● Aim of the exercise: Give the records below again in full, exactly as written, but without any images.
--- Available data Enclosed Below ---
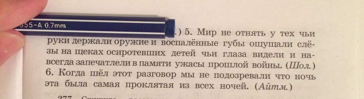 Мир не отнять (сказ.) у тех, чьи руки ( подл.)держали(сказ.) в руках оружие и воспаленные губы (подл.) ощущали ( сказ.)соленые слезы на щеках осиротевших детей, чьи глаза (подлеж.) видели (сказ.) и навсегда запечатлели (сказ)в памяти ужасы прошлой войны. Когда шел (сказ.).) разговор(подл.) , мы (подл.) не подозревали,(сказ.) что эта ночь(подл.) была самая проклятая (сказ.)из всех ночей.
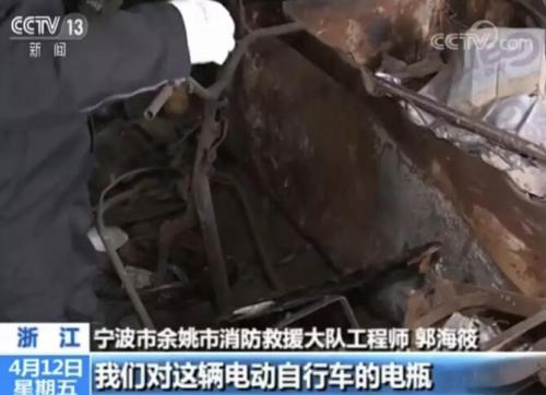 宁波市余姚市消防救援大队工程师 郭海筱:”我们对这辆电动自行车的电瓶进行勘验,发现这个电瓶里面是完好的,并没有发现爆裂痕迹。我们对电动自行车的一些电线进行了提取,通过肉眼观察没有发现短路的熔痕,初步可以排除是这个电瓶车引发火灾。“
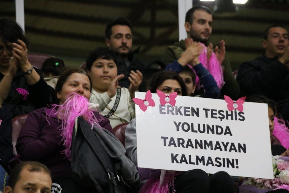 Kadınlarda en sık görülen kanser türü olan meme kanserinde erken teşhise dikkat çekmek için Derince’de çok anlamlı bir etkinlik düzenlendi. Derince Belediyesi ve Derince İlçe Sağlık Müdürlüğü iş birliğinde gerçekleşen 'Meme Kanseri Farkındalık Ayı' etkinlikleri kapsamında düzenlenen voleybol müsabakası Derince Kapalı Spor Salonu’nda yapıldı. Derince Belediye Başkanı Zeki Aygün, AK Parti Derince İlçe Başkanı Koray Merdan, İlçe Sağlık Müdürü Uzman Dr. Hande Cihan Mutlu, Derince Gençlik ve Spor İlçe Müdürü Yusuf Yüksel, Yenikent Mahalle Muhtarı Erol Küçük ve sporseverlerin takip ettiği müsabakada meme kanseri farkındalığına değinilerek erken teşhisin önemi vurgulandı.
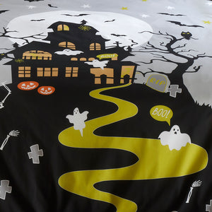 Trick or treat yourself and have a Happy Halloween with this wicked glow in the dark bedding. Printed on to an easy care poly cotton fabric, this duvet set featuring a haunted house will ensure you have a spookacular bedtime.
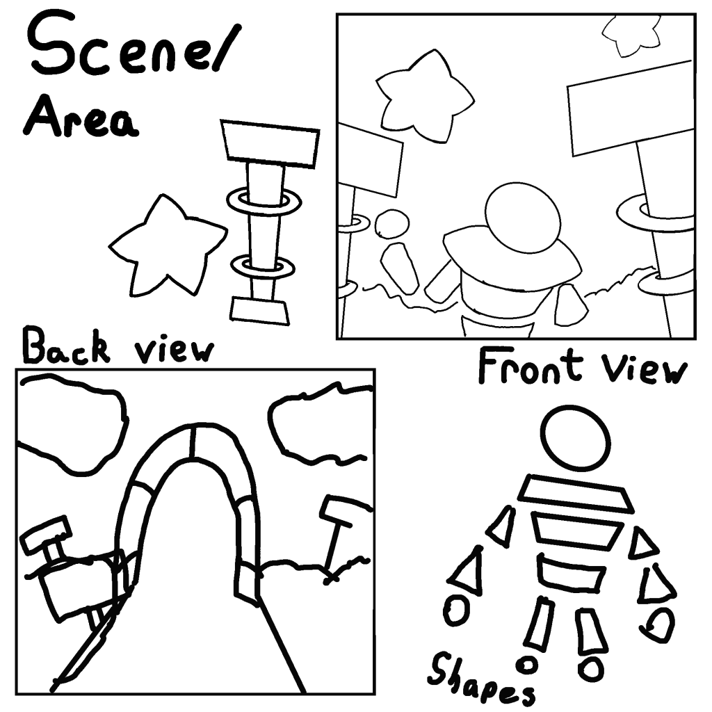 After giving everything a lot of thought and deciding on what I wanted to make, I drafted up a very rough sketch of what the area would look like from a front view, and behind. Along with this, I drew a very rough idea of what objects could be found around the area. From there, I could then decide on how it would all connect to each other.
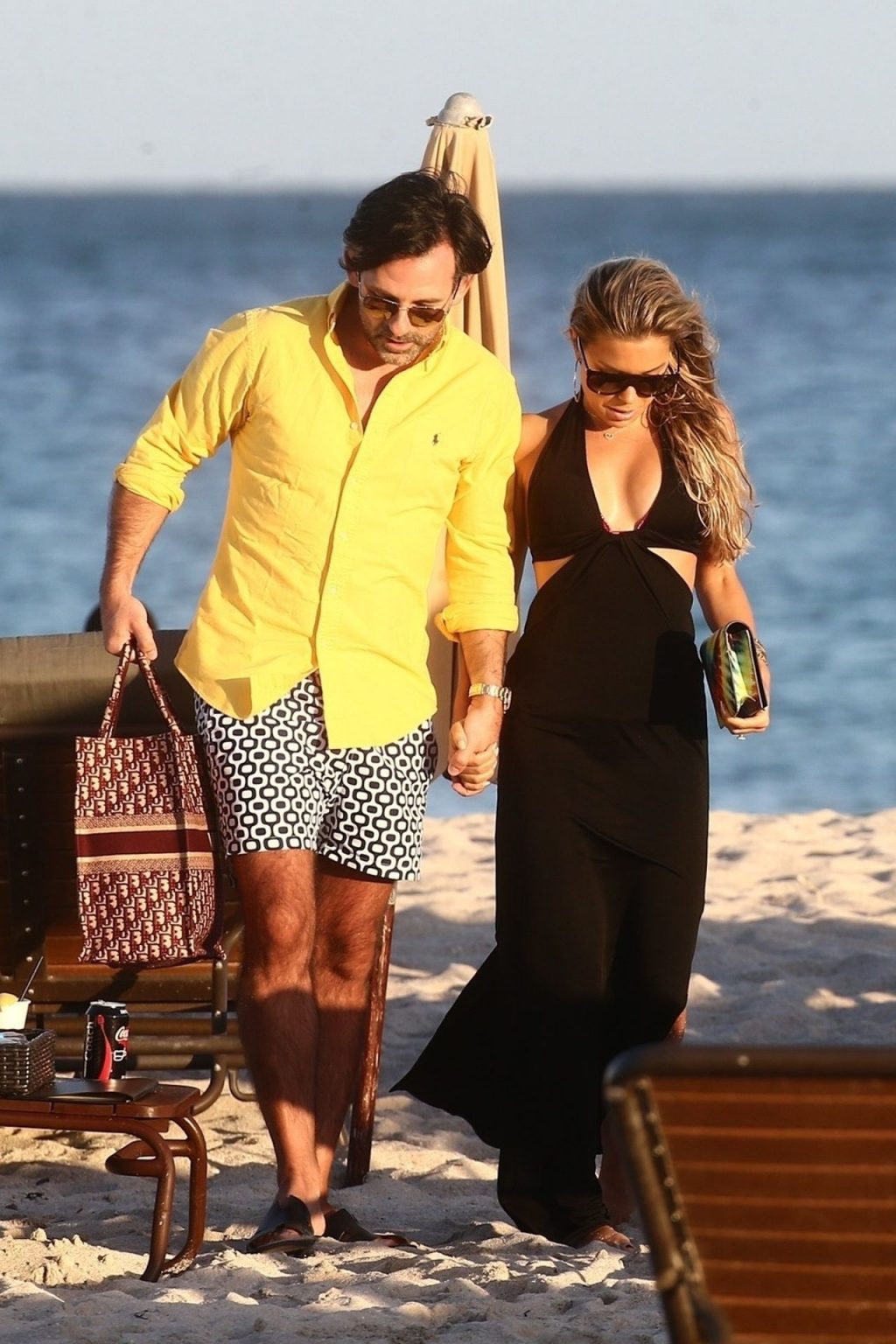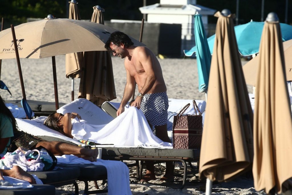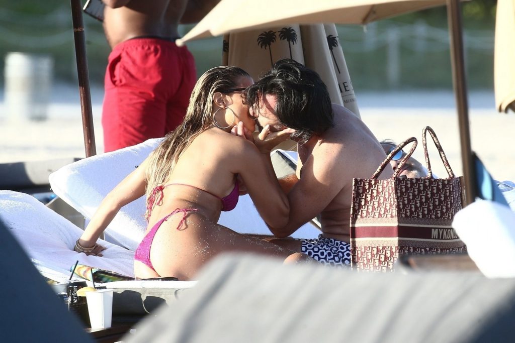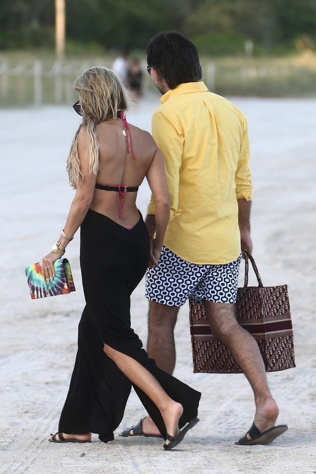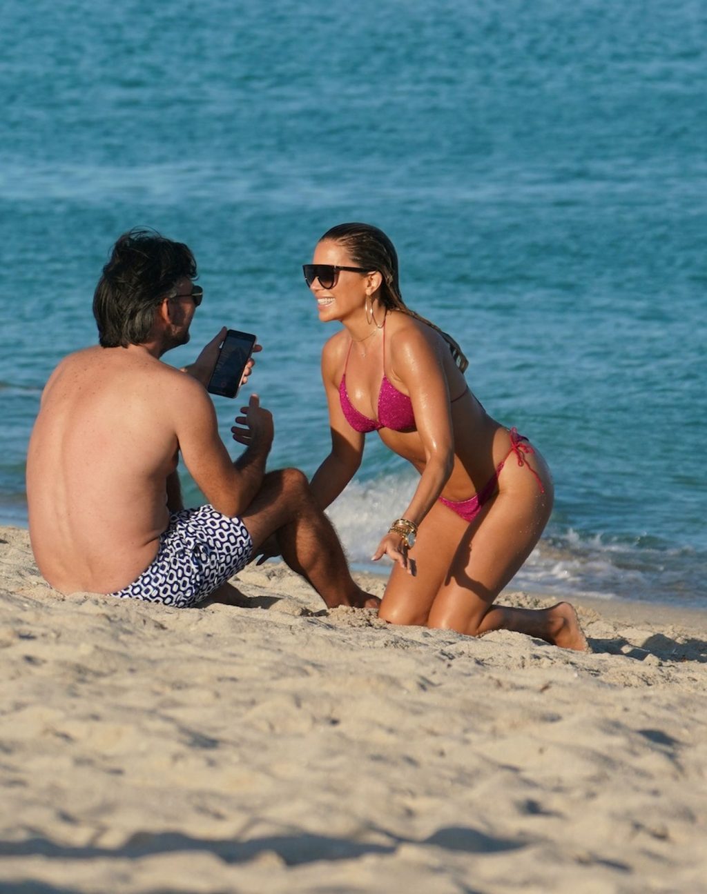 Sylvie Meis, 41 ans, a été photographiée en bikini violet sur la plage de Miami Beach, le 02/12/2019. Sylvie a fait un plongeon dans l’océan avec son fiancé et a profité du soleil sur les plages de Miami.
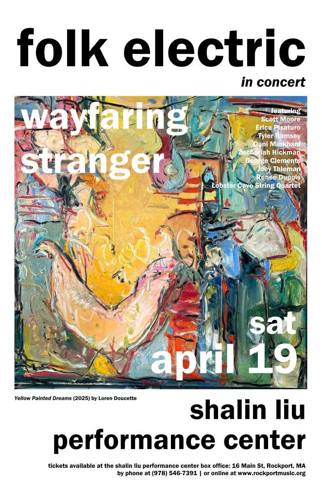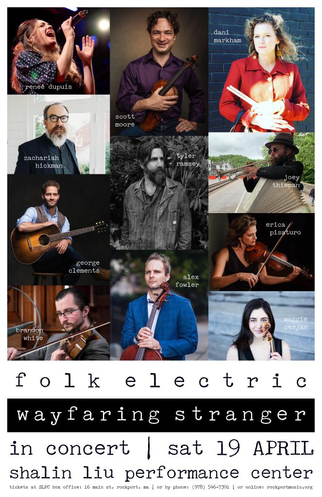 “The debut live performance of Folk Electric: Wayfaring Stranger, coming up on April 19 at the Shalin Liu Performance Center, features an 11-piece band, including myself, my husband Scott Moore, and other Cape Ann talents, as well as some very special out-of-town guests.”
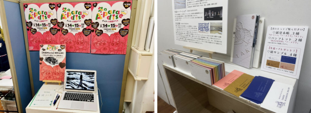 【版画ムービーの上映、紙サンプル展示】
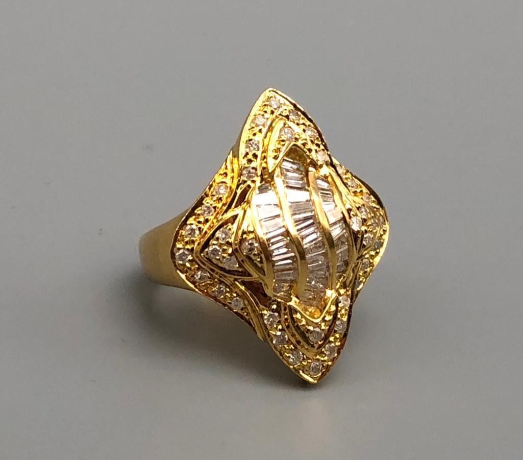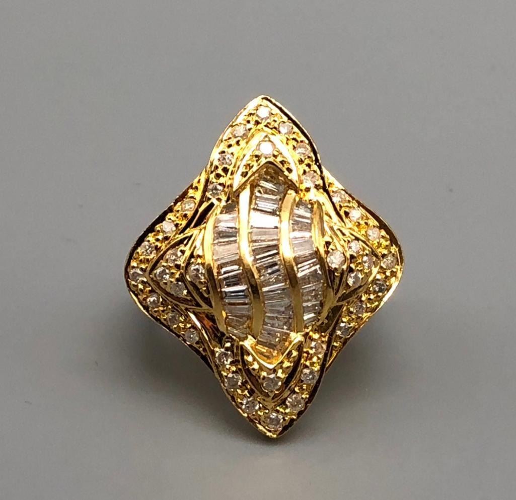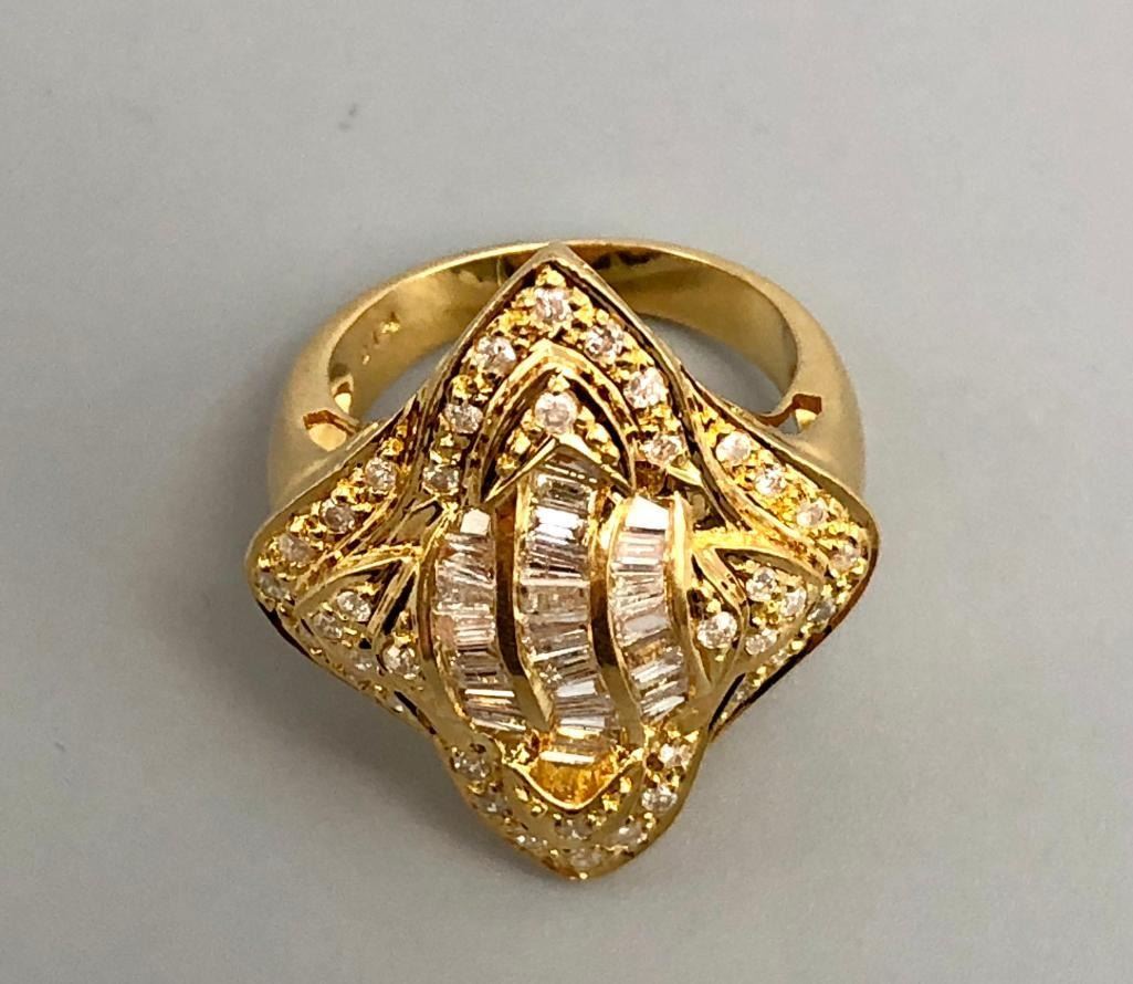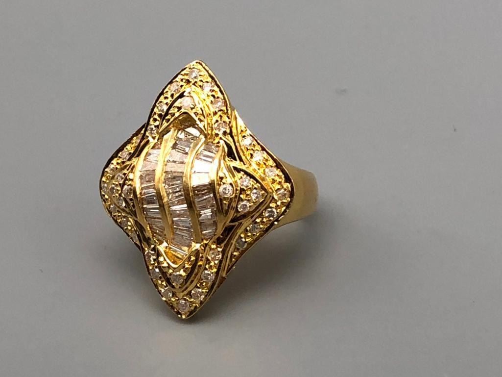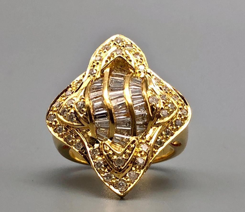 Offered for sale in this lot is a 18k gold and diamond ring. This is a beautiful and unique style ring set with over a carat of diamonds. It is a very classy style ring and is made from 18k gold. MAKER: Hallmarked. APPROX AGE: Fairly modern. SIZE: Fits a size 7. 1-1/8 inches long. Weighs 12.6 grams. CONDITION: Good for its age, normal wear expected. Please look closely at the pictures as they are an important part of our description and are hereby incorporated into the description, specifically with regards to condition. SHIPPING: There will be a $5 handling / packaging fee for shipping this lot. The actual cost of postage will be added on top of that. BUY IT NOW: If you would like to buy this item now, without waiting for the auction day to bid on it, we do offer this option (which is available up to 48 hours before the actual auction starts). The “Buy it Now†price is the high estimate of this lot (plus applicable fees and the Buyer's premium is discounted to 10% when using the Buy it Now option). If you would like to exercise this option, you must contact us by email (or phone as long as you talk to someone live). Reference this lot number and your intention to "Buy it Now."
--- End of Enclosed Available data ---
● Result of this exercise:
 Мир не отнять (сказ.) у тех, чьи руки ( подл.)держали(сказ.) в руках оружие и воспаленные губы (подл.) ощущали ( сказ.)соленые слезы на щеках осиротевших детей, чьи глаза (подлеж.) видели (сказ.) и навсегда запечатлели (сказ)в памяти ужасы прошлой войны. Когда шел (сказ.).) разговор(подл.) , мы (подл.) не подозревали,(сказ.) что эта ночь(подл.) была самая проклятая (сказ.)из всех ночей.
 宁波市余姚市消防救援大队工程师 郭海筱:”我们对这辆电动自行车的电瓶进行勘验,发现这个电瓶里面是完好的,并没有发现爆裂痕迹。我们对电动自行车的一些电线进行了提取,通过肉眼观察没有发现短路的熔痕,初步可以排除是这个电瓶车引发火灾。“
 Kadınlarda en sık görülen kanser türü olan meme kanserinde erken teşhise dikkat çekmek için Derince’de çok anlamlı bir etkinlik düzenlendi. Derince Belediyesi ve Derince İlçe Sağlık Müdürlüğü iş birliğinde gerçekleşen 'Meme Kanseri Farkındalık Ayı' etkinlikleri kapsamında düzenlenen voleybol müsabakası Derince Kapalı Spor Salonu’nda yapıldı. Derince Belediye Başkanı Zeki Aygün, AK Parti Derince İlçe Başkanı Koray Merdan, İlçe Sağlık Müdürü Uzman Dr. Hande Cihan Mutlu, Derince Gençlik ve Spor İlçe Müdürü Yusuf Yüksel, Yenikent Mahalle Muhtarı Erol Küçük ve sporseverlerin takip ettiği müsabakada meme kanseri farkındalığına değinilerek erken teşhisin önemi vurgulandı.
 Trick or treat yourself and have a Happy Halloween with this wicked glow in the dark bedding. Printed on to an easy care poly cotton fabric, this duvet set featuring a haunted house will ensure you have a spookacular bedtime.
 After giving everything a lot of thought and deciding on what I wanted to make, I drafted up a very rough sketch of what the area would look like from a front view, and behind. Along with this, I drew a very rough idea of what objects could be found around the area. From there, I could then decide on how it would all connect to each other.
 Sylvie Meis, 41 ans, a été photographiée en bikini violet sur la plage de Miami Beach, le 02/12/2019. Sylvie a fait un plongeon dans l’océan avec son fiancé et a profité du soleil sur les plages de Miami.
 “The debut live performance of Folk Electric: Wayfaring Stranger, coming up on April 19 at the Shalin Liu Performance Center, features an 11-piece band, including myself, my husband Scott Moore, and other Cape Ann talents, as well as some very special out-of-town guests.”
 【版画ムービーの上映、紙サンプル展示】
 Offered for sale in this lot is a 18k gold and diamond ring. This is a beautiful and unique style ring set with over a carat of diamonds. It is a very classy style ring and is made from 18k gold. MAKER: Hallmarked. APPROX AGE: Fairly modern. SIZE: Fits a size 7. 1-1/8 inches long. Weighs 12.6 grams. CONDITION: Good for its age, normal wear expected. Please look closely at the pictures as they are an important part of our description and are hereby incorporated into the description, specifically with regards to condition. SHIPPING: There will be a $5 handling / packaging fee for shipping this lot. The actual cost of postage will be added on top of that. BUY IT NOW: If you would like to buy this item now, without waiting for the auction day to bid on it, we do offer this option (which is available up to 48 hours before the actual auction starts). The “Buy it Now†price is the high estimate of this lot (plus applicable fees and the Buyer's premium is discounted to 10% when using the Buy it Now option). If you would like to exercise this option, you must contact us by email (or phone as long as you talk to someone live). Reference this lot number and your intention to "Buy it Now."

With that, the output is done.